Task item: In the listing below, locate the line that contains "Пряжка регулирующая, двухщелевая, вн." and the line that contains "Туристы в Лондоне". Restate word for word those two lines and every line between them, and nothing else.
━━━━━ Records ━━━━━
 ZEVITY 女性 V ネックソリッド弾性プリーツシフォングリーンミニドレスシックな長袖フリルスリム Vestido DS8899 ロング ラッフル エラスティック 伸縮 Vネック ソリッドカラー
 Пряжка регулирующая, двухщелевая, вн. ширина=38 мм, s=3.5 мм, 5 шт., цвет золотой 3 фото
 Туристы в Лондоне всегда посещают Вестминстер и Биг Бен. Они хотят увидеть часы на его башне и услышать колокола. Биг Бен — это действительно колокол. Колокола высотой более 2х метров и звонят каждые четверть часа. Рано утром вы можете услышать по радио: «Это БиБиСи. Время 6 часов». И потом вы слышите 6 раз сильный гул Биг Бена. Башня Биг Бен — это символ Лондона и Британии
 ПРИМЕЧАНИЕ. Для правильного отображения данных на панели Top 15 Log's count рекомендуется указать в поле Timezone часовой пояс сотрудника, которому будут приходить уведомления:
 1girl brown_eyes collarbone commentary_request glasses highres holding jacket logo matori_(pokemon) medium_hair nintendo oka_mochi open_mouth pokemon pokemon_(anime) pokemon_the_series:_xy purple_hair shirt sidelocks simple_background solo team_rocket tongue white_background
━━━━━
━━━━━ Records ━━━━━
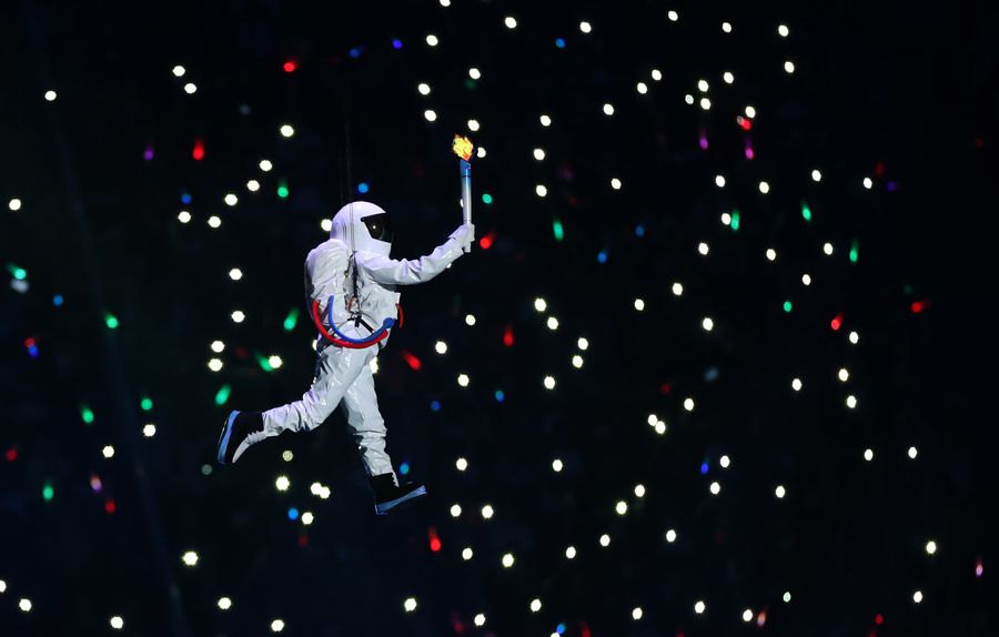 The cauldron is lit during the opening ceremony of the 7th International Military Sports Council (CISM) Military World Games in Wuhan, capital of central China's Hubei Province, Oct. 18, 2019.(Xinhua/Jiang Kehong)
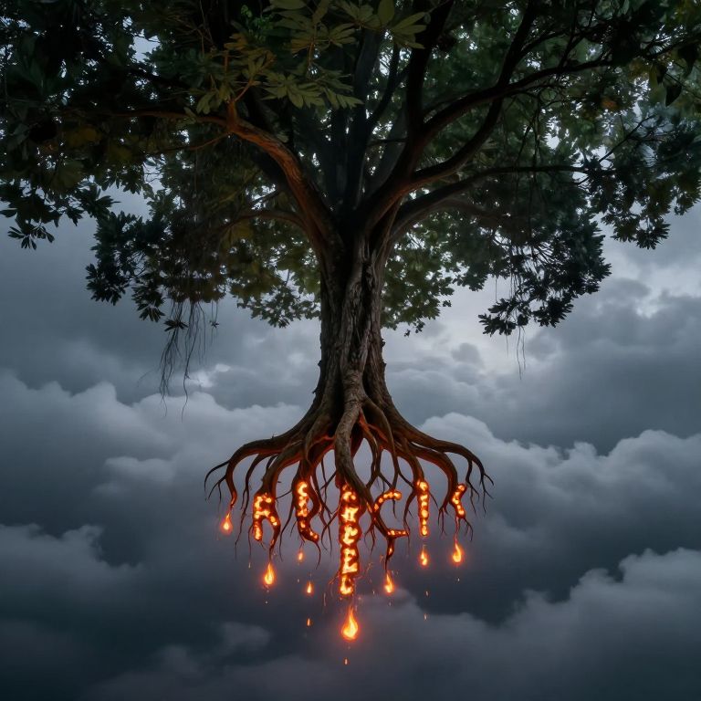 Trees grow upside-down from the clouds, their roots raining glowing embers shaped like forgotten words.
━━━━━
Answer section:
 Пряжка регулирующая, двухщелевая, вн. ширина=38 мм, s=3.5 мм, 5 шт., цвет золотой 3 фото
 Туристы в Лондоне всегда посещают Вестминстер и Биг Бен. Они хотят увидеть часы на его башне и услышать колокола. Биг Бен — это действительно колокол. Колокола высотой более 2х метров и звонят каждые четверть часа. Рано утром вы можете услышать по радио: «Это БиБиСи. Время 6 часов». И потом вы слышите 6 раз сильный гул Биг Бена. Башня Биг Бен — это символ Лондона и Британии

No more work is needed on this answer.